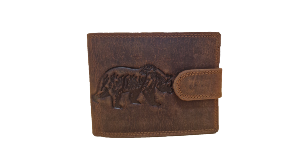 Pánská kožená peněženka s motivem medvěda.
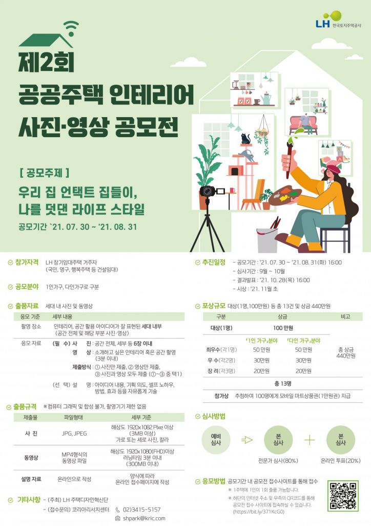 이번 공모전은 ‘우리 집 언택트 집들이 - 나를 덧댄 라이프 스타일’을 주제로 한다. LH가 건설한 장기임대주택(영구임대, 국민임대, 행복주택, 50년 공공임대)에 거주하는 입주민이라면, 계약자 여부 상관없이 누구나 참여 가능하다. 각 세대 당 1인만 참가할 수 있다.
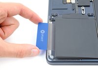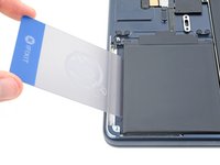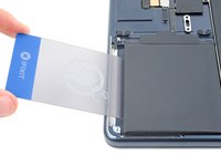 Push the plastic card underneath the metal tray and slide it back and forth to slice the remaining adhesive. You may need to lift the battery cell to reach the adhesive.
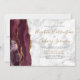 The left-hand edge of this elegant modern wedding invitation features a burgundy watercolor agate border trimmed with faux gold glitter. The customizable text combines black and gold-coloured handwriting, copperplate and italic fonts on a grey and white marble background. Easily replace the sample image on the back with your own horizontal photo.
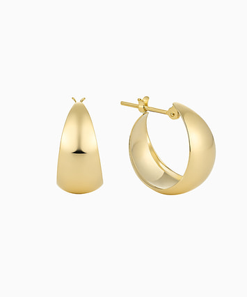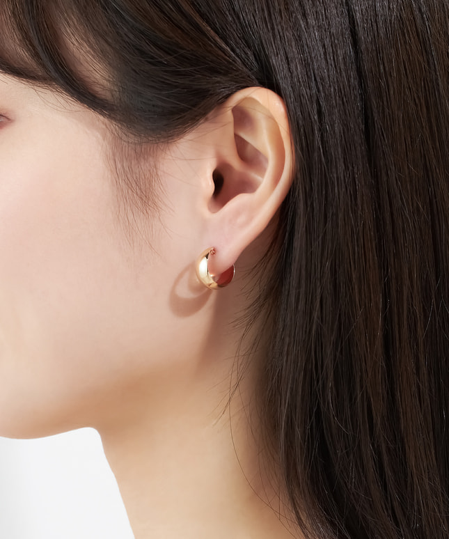 シーンを選ばず身に着けられる、シンプルなフープピアス。ふっくらとした曲線を描く月甲丸型で、軽やかな着け心地ながら存在感も放ちます。イエローゴールドの光沢感が顔周りを上品に演出。デイリーコーデにもオフィススタイルにも活躍するアイテムです。幅と直径の違いにより、お好みのサイズを3種類からお選びいただけます。■フープピアスのラインナップはこちら■様々なタイプのキャッチをご用意しております。ラインナップはこちら※全国のフェスタリア系列店舗にてクリーニングやアフターメンテナンスを承ります。
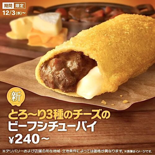 2025年12月3日(水)より、マクドナルドが期間限定メニュー「とろ~り3種のチーズのビーフシチューパイ(240円)」を新発売します。 牛肉と野菜の旨みを引き出したコク深いビーフシチューと、とろ~りまろやかな3種のチーズをサクサクのパイで包んだ一品です…
* * * * *
TASK GOAL: With the pictures omitted, the material is to be transcribed exactly.

TASK ANSWER:
 Pánská kožená peněženka s motivem medvěda.
 이번 공모전은 ‘우리 집 언택트 집들이 - 나를 덧댄 라이프 스타일’을 주제로 한다. LH가 건설한 장기임대주택(영구임대, 국민임대, 행복주택, 50년 공공임대)에 거주하는 입주민이라면, 계약자 여부 상관없이 누구나 참여 가능하다. 각 세대 당 1인만 참가할 수 있다.
 Push the plastic card underneath the metal tray and slide it back and forth to slice the remaining adhesive. You may need to lift the battery cell to reach the adhesive.
 The left-hand edge of this elegant modern wedding invitation features a burgundy watercolor agate border trimmed with faux gold glitter. The customizable text combines black and gold-coloured handwriting, copperplate and italic fonts on a grey and white marble background. Easily replace the sample image on the back with your own horizontal photo.
 シーンを選ばず身に着けられる、シンプルなフープピアス。ふっくらとした曲線を描く月甲丸型で、軽やかな着け心地ながら存在感も放ちます。イエローゴールドの光沢感が顔周りを上品に演出。デイリーコーデにもオフィススタイルにも活躍するアイテムです。幅と直径の違いにより、お好みのサイズを3種類からお選びいただけます。■フープピアスのラインナップはこちら■様々なタイプのキャッチをご用意しております。ラインナップはこちら※全国のフェスタリア系列店舗にてクリーニングやアフターメンテナンスを承ります。
 2025年12月3日(水)より、マクドナルドが期間限定メニュー「とろ~り3種のチーズのビーフシチューパイ(240円)」を新発売します。 牛肉と野菜の旨みを引き出したコク深いビーフシチューと、とろ~りまろやかな3種のチーズをサクサクのパイで包んだ一品です…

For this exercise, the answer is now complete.